The idea is to add structures called capsules to a convolutional neural network (CNN), and to reuse output from several of those capsules to form more stable (with respect to various perturbations) representations for higher order capsules. The output is a vector consisting of the probability of observation, and a pose for that observation. This vector is similar to what is done for example when doing classification with localization in CNNs.

Among other benefits, capsnets address the "Picasso problem" in image recognition: images that have all the right parts but that are not in the correct spatial relationship (e.g., in a "face", the positions of the mouth and one eye are switched). For image recognition, capsnets exploit the fact that while viewpoint changes have nonlinear effects at the pixel level, they have linear effects at the part/object level. This can be compared to inverting the rendering of an object of multiple parts.

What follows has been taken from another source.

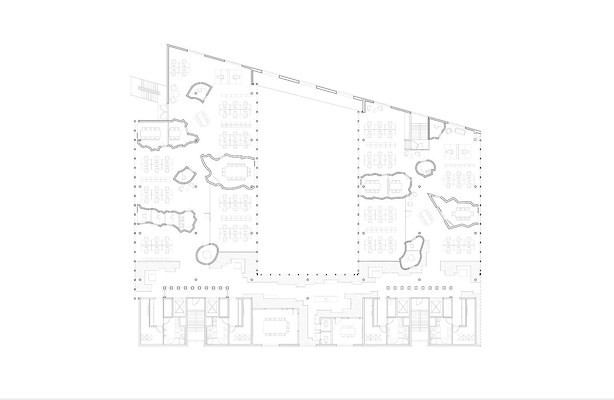 De kantoorvloeren zijn ontworpen om de nieuwe manier van werken te faciliteren, met de green lane als actieve ontmoetingsplek en verbindend element. De kantoorvleugels zelf worden richting het einde steeds rustiger, om geconcentreerd werken mogelijk te maken. Er zijn geen vaste kantoren meer, zelfs niet voor de directie; alle werkplekken zijn flexibel te gebruiken.

An invariant is an object property that does not change as a result of some transformation. For example, the area of a circle does not change if the circle is shifted to the left.
Informally, an equivariant is a property that changes predictably under transformation. For example, the center of a circle moves by the same amount as the circle when shifted. A non-equivariant is a property whose value does not change predictably under a transformation. For example, transforming a circle into an ellipse means that its perimeter can no longer be computed as π times the diameter. In computer vision, the class of an object is expected to be an invariant over many transformations. I.e., a cat is still a cat if it is shifted, turned upside down or shrunken in size. However, many other properties are instead equivariant. The volume of a cat changes when it is scaled. Equivariant properties such as a spatial relationship are captured in a pose, data that describes an object's translation, rotation, scale, and reflection. The translation is a change in location in one or more dimensions. Rotation is a change in orientation. The scale is a change in size. Reflection is a mirror image.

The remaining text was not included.